Aksi yang melibatkan Pengurus dan Anggota PMII Majalengka ini berlangsung di depan gedung Dewan Perwakilan Rakyat Daerah (DPRD) Majalengka, Kamis, 19 Desember 2024.
Kordinator aksi, Muflih Nastain menyampaikan, pada 29 Agustus 2024, DPRD Kabupaten Majalengka telah berbaiat, mengemban komitmen amanah rakyat sebagai wakil rakyat untuk setengah dasawarsa ke depan.
DPRD Kabupaten Majalengka, sambung dia, merupakan representasi rakyat dalam mengawasi setiap kebijakan yang melahirkan kesenjangan sosial dan sudah seyogyanya wakil rakyat ini mesti condong terhadap kepentingan rakyat, khususnya rakyat dari kalangan bawah.
Namun pada realitasnya, seringkali terjadi Anggota DPRD menanggalkan kepentingan rakyat dan keluar dari substansinya sebagai wakil rakyat.
“Ini menjadi fokus perhatian kami sebagai organisasi kemasyarakatan dalam mengawal aspirasi rakyat, begitupun mengawal para wakil rakyat supaya tidak menyimpang dalam mengemban amanat rakyat,” kata Muflih.
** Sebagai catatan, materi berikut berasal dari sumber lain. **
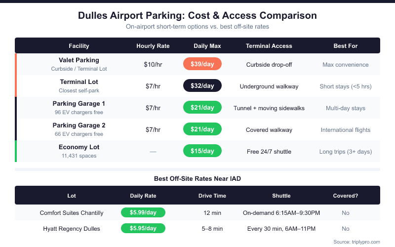 For more detail on off-site options, including how hotel park-and-fly shuttles compare, see our guide on Dulles Airport parking hotel deals.
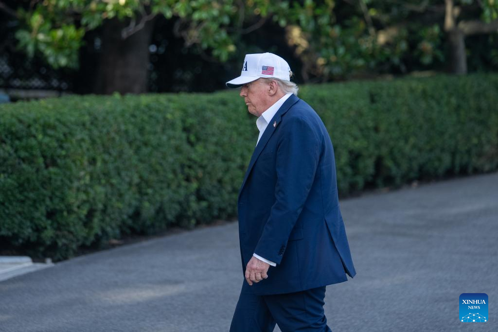 U.S. President Donald Trump returns to the White House in Washington, D.C., the United States, July 6, 2025. (Xinhua/Hu Yousong)

Dalam Aksi Refleksi 100 Hari Kerja Dewan tersebut, lanjut Muflih, PC PMII Kabupaten Majalengka memperingatkan seluruh jajaran Anggota DPRD Kabupaten Majalengka,yaitu:
1. DPRD Kabupaten Majalengka untuk lebih profesional dan responsif dalam menyikapi setiap isu yang ada di Majalengka, serta mampu memahami secara substantif tata tertib dan kode etik sebagai wakil rakyat.